Majorana approda a Lipsia nel 1933. È stato Fermi a spingerlo in questo viaggio all’estero, vincendo le sue titubanze. Nella città tedesca  interagisce fecondamente con Heisenberg e finalmente si decide a pubblicare il suo lavoro sul nucleo fatto da positroni e neutroni (un importante affinamento del modello proposto da Heisenberg). Sembra sereno, e nelle lettere alla madre racconta della città, che gli piace e frequenta, e scherza sull’Istituto di fisica “posto in posizione ridente, un po’ fuori mano, tra il cimitero e il manicomio”. Da Lipsia va poi a Copenhagen, dove intrattiene rapporti con Bohr e con i molti scienziati che a Copenhagen fanno tappa. Poi di nuovo a Lipsia. L’articolo di Majorana del 1933 sul nucleo a protoni-neutroni viene ampiamente valorizzato da Heisenberg sia nei seminari di Lipsia sia al Congresso Solvay a Bruxelles dell’ottobre del 1933. Il modello di nucleo di Heisenberg e Majorana aprirà la strada agli sviluppi tra il 1933 e 1934 della teoria di Fermi del decadimento beta: gli elettroni non esistono nel nucleo ma vengono creati nel decadimento di un neutrone in tre particelle: un protone, un elettrone e un neutrino. La nuova centralità riconosciuta al neutrone sarà alla base delle ricerche della scuola romana sulla radioattività indotta da bombardamento di neutroni, che porteranno al Nobel del 1938.

Majorana, tuttavia, rientrato a Roma perde contatto con l’Istituto, frequentandolo solo saltuariamente. Non pubblica più nulla per anni. Studia a casa. Sembra che coltivi in particolare i suoi interessi filosofici, leggendo specialmente gli scritti di Schopenauer. E probabilmente a questo periodo risale il manoscritto, pubblicato postumo (1942) a cura di Giovanni Gentile jr., sul “valore delle leggi statistiche nella fisica e nelle scienze sociali” che sottolinea la sua sensibilità per temi di tipo epistemologico.

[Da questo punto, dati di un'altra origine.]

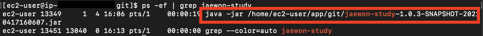 ps -ef|grep 프로젝트명 (ex :ps -ef|grep jaewon-study)

Tornato a Roma, Majorana non stava bene in salute, come scrive Amaldi, “una gastrite, i cui sintomi si erano già manifestati in Germania, ma sulle cui cause non si sa molto, salvo che i medici la collegarono a un inizio di esaurimento nervoso”. Certo in Germania aveva vissuto vicende che non l’avevano lasciato indifferente, per quanto si fosse sforzato di analizzare con lucidità e distacco i caratteri che andavano palesandosi del regime nazista anche confrontandolo con quello fascista. Molte polemiche sono state sollevate in seguito sulle sue presunte simpatie nei confronti del regime hitleriano, ma sono polemiche sterili. Majorana cercava di capire e cercava, nei limiti del possibile, vivendoli dall’interno, di trovare motivazioni razionali a comportamenti che stavano portando l’Europa alla catastrofe della guerra. Inoltre aveva fatto scalpore la tragica vicenda del suicidio di Ehrenfest del settembre dello stesso anno (1933).

Nel 1937 viene bandito un nuovo concorso di fisica teorica (a distanza di più di dieci anni da quello precedente, un malvezzo che l’Italia ha sempre avuto quello di non dare certezza di progressione di carriera in ambito universitario). Majorana, inizialmente restio, si decise a partecipare, e forse proprio per presentarsi al concorso si decise anche a pubblicare uno dei suoi lavori più importanti: “teoria simmetrica dell’elettrone e del positrone”. Sempre facendo leva sui gruppi e, quindi, sulle simmetrie, Majorana introduce un nuovo approccio alla teoria dell’elettrone e positrone alternativo a quella di Dirac. La teoria di Dirac, tra l’altro, prevede che il neutrino e il suo corrispettivo antineutrino siano due particelle distinte, come l’elettrone e il positrone, mentre nella teoria di Majorana, il neutrino e l’antineutrino sono la stessa particella. Le ricerche sperimentali per confermare le previsioni di Majorana sono ancora oggi vive. La conferma delle sue previsioni potrebbe avere importanti ricadute in vari settori, e in particolare in ambito di cosmologia, per capire qualcosa di più sulla materia oscura o sul perché il nostro universo è fatto di materia e non di antimateria.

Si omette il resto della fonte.